# [Activity]
Repeat every entry exactly as it stands. Omit the images.

# [The input]
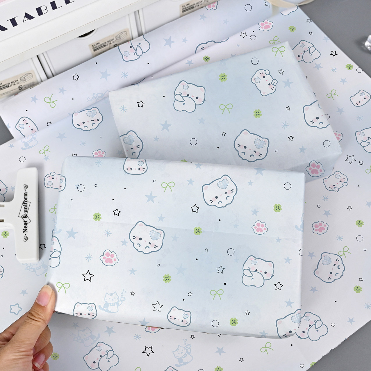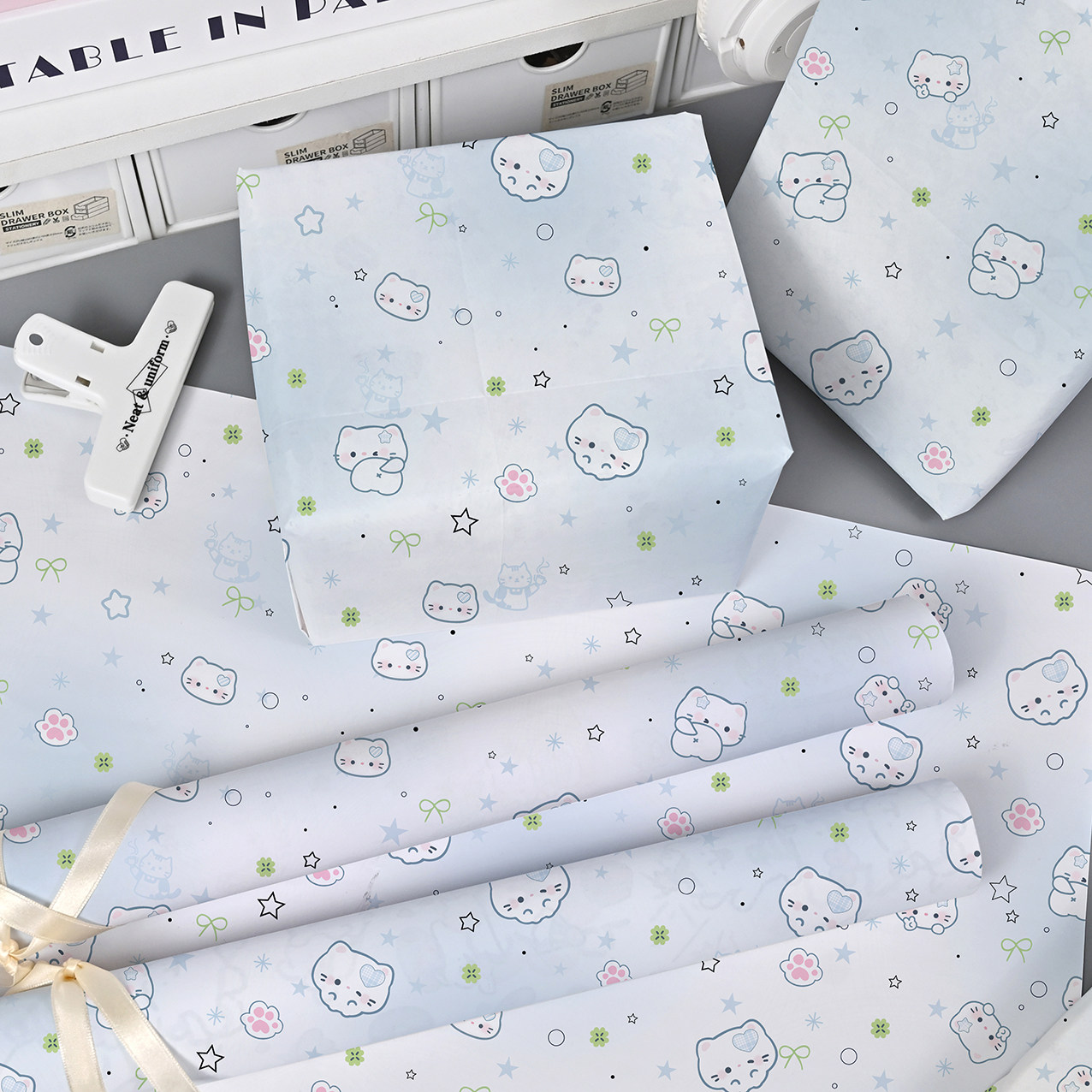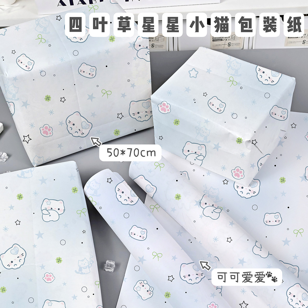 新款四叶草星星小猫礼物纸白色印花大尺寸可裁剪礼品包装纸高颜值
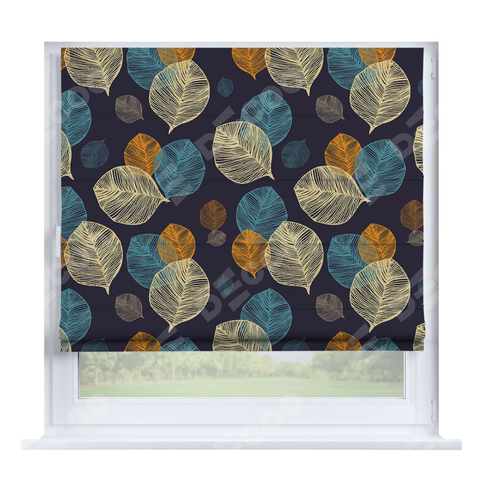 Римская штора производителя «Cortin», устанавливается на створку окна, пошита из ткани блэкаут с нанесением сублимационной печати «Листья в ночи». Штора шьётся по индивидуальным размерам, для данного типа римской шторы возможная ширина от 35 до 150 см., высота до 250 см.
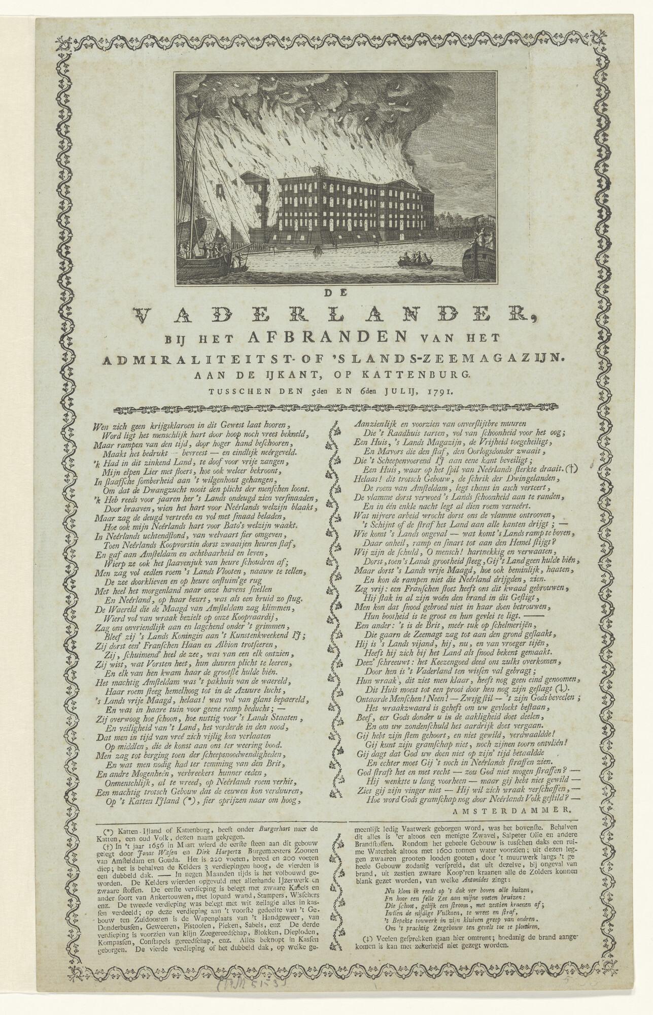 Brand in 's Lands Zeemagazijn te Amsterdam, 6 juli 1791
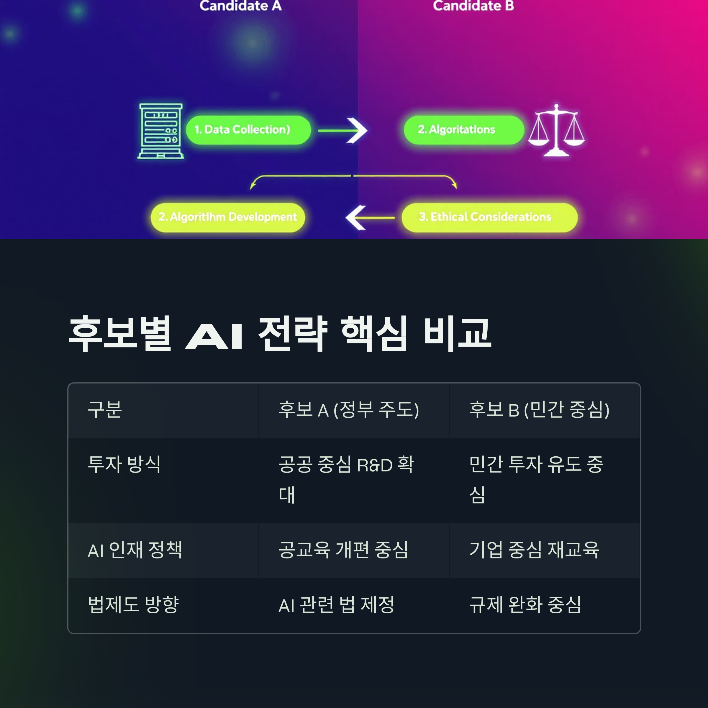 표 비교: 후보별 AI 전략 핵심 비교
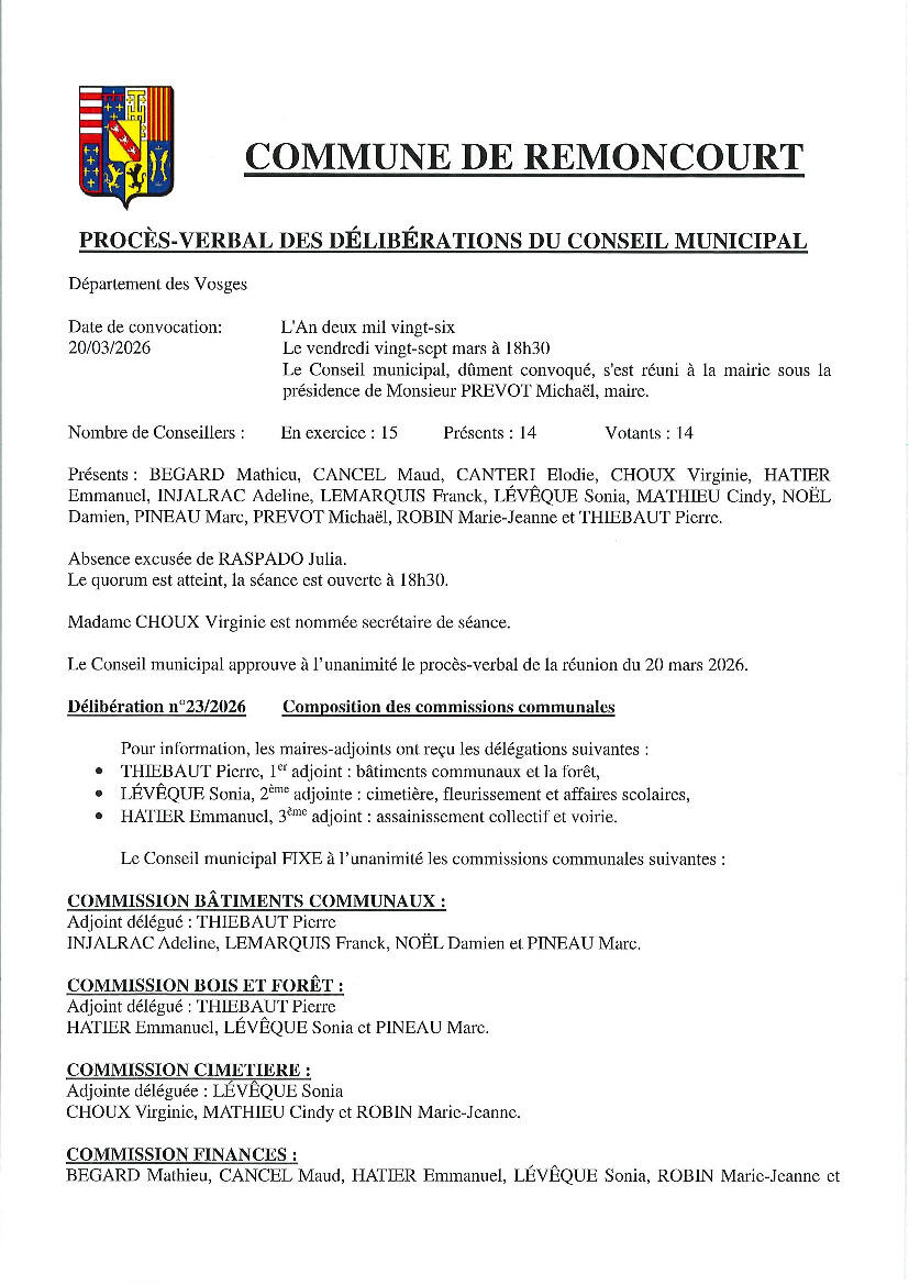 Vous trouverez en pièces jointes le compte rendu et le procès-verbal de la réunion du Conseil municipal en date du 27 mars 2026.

# [Result]
 新款四叶草星星小猫礼物纸白色印花大尺寸可裁剪礼品包装纸高颜值
 Римская штора производителя «Cortin», устанавливается на створку окна, пошита из ткани блэкаут с нанесением сублимационной печати «Листья в ночи». Штора шьётся по индивидуальным размерам, для данного типа римской шторы возможная ширина от 35 до 150 см., высота до 250 см.
 Brand in 's Lands Zeemagazijn te Amsterdam, 6 juli 1791
 표 비교: 후보별 AI 전략 핵심 비교
 Vous trouverez en pièces jointes le compte rendu et le procès-verbal de la réunion du Conseil municipal en date du 27 mars 2026.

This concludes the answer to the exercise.